Go to the line containing "Namoradeira 02 Lugares" in the records below and print it and every following line exactly, on through the line containing "メインのお料理では結婚式でも", then stop.

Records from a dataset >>
────

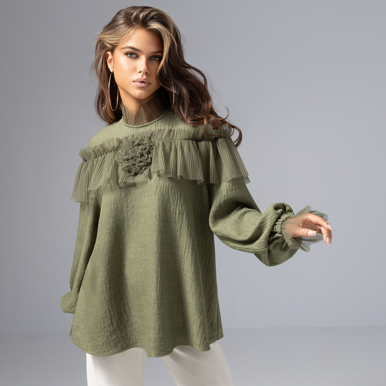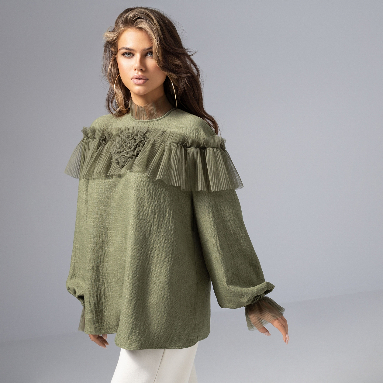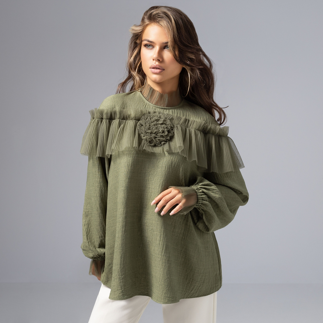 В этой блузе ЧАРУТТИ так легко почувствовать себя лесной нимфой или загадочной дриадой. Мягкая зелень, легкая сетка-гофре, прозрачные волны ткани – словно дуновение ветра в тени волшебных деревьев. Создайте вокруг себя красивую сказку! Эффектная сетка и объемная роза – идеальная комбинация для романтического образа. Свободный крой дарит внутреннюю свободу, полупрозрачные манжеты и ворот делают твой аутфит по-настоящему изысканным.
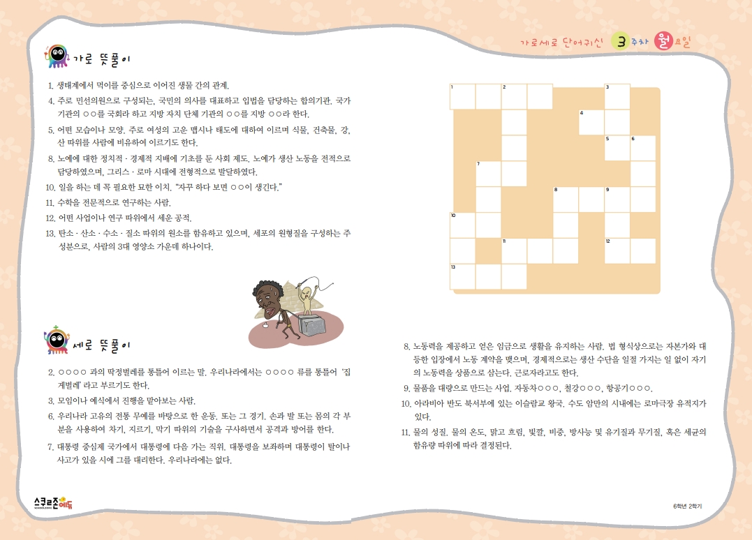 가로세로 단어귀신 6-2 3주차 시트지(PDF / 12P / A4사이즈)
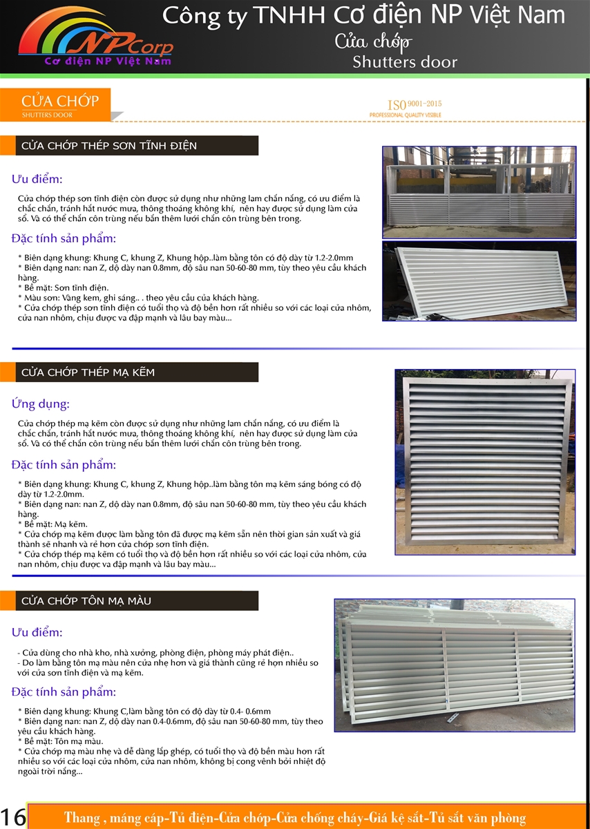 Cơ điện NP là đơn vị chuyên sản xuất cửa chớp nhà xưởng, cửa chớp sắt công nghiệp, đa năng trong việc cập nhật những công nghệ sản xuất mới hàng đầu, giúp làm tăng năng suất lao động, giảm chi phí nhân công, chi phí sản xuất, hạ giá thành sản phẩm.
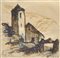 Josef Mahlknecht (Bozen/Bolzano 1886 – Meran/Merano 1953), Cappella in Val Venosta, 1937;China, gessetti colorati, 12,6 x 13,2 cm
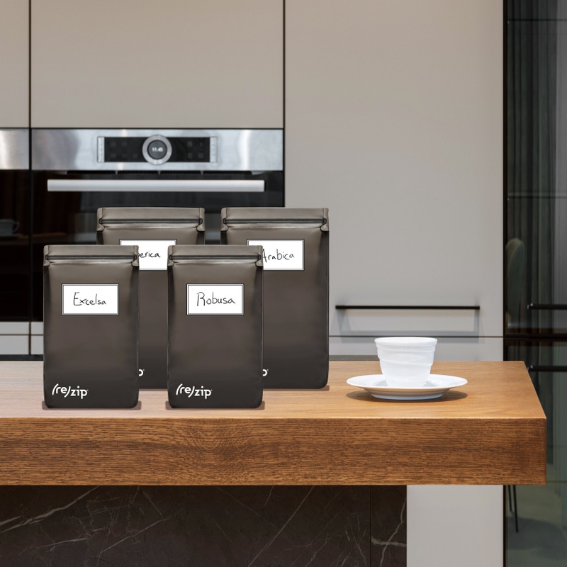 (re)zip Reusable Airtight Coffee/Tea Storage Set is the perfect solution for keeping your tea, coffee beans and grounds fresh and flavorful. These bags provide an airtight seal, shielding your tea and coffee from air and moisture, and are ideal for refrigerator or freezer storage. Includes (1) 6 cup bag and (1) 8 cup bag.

────

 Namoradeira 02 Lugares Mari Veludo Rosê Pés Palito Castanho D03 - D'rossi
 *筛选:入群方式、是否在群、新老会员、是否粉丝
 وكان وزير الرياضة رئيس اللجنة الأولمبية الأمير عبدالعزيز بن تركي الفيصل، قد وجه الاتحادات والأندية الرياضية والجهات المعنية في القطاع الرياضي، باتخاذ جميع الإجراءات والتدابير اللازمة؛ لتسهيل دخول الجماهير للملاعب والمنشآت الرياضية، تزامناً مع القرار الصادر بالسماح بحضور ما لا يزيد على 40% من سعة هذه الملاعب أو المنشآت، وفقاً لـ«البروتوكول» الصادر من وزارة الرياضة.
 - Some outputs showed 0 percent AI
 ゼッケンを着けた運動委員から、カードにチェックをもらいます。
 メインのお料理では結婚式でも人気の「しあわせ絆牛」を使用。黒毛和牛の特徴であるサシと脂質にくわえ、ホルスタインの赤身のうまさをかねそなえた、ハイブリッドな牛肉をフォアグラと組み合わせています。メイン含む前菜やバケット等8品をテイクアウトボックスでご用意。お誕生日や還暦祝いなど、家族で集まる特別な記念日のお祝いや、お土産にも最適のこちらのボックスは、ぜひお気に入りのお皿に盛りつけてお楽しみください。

────

Reply >>
 Namoradeira 02 Lugares Mari Veludo Rosê Pés Palito Castanho D03 - D'rossi
 *筛选:入群方式、是否在群、新老会员、是否粉丝
 وكان وزير الرياضة رئيس اللجنة الأولمبية الأمير عبدالعزيز بن تركي الفيصل، قد وجه الاتحادات والأندية الرياضية والجهات المعنية في القطاع الرياضي، باتخاذ جميع الإجراءات والتدابير اللازمة؛ لتسهيل دخول الجماهير للملاعب والمنشآت الرياضية، تزامناً مع القرار الصادر بالسماح بحضور ما لا يزيد على 40% من سعة هذه الملاعب أو المنشآت، وفقاً لـ«البروتوكول» الصادر من وزارة الرياضة.
 - Some outputs showed 0 percent AI
 ゼッケンを着けた運動委員から、カードにチェックをもらいます。
 メインのお料理では結婚式でも人気の「しあわせ絆牛」を使用。黒毛和牛の特徴であるサシと脂質にくわえ、ホルスタインの赤身のうまさをかねそなえた、ハイブリッドな牛肉をフォアグラと組み合わせています。メイン含む前菜やバケット等8品をテイクアウトボックスでご用意。お誕生日や還暦祝いなど、家族で集まる特別な記念日のお祝いや、お土産にも最適のこちらのボックスは、ぜひお気に入りのお皿に盛りつけてお楽しみください。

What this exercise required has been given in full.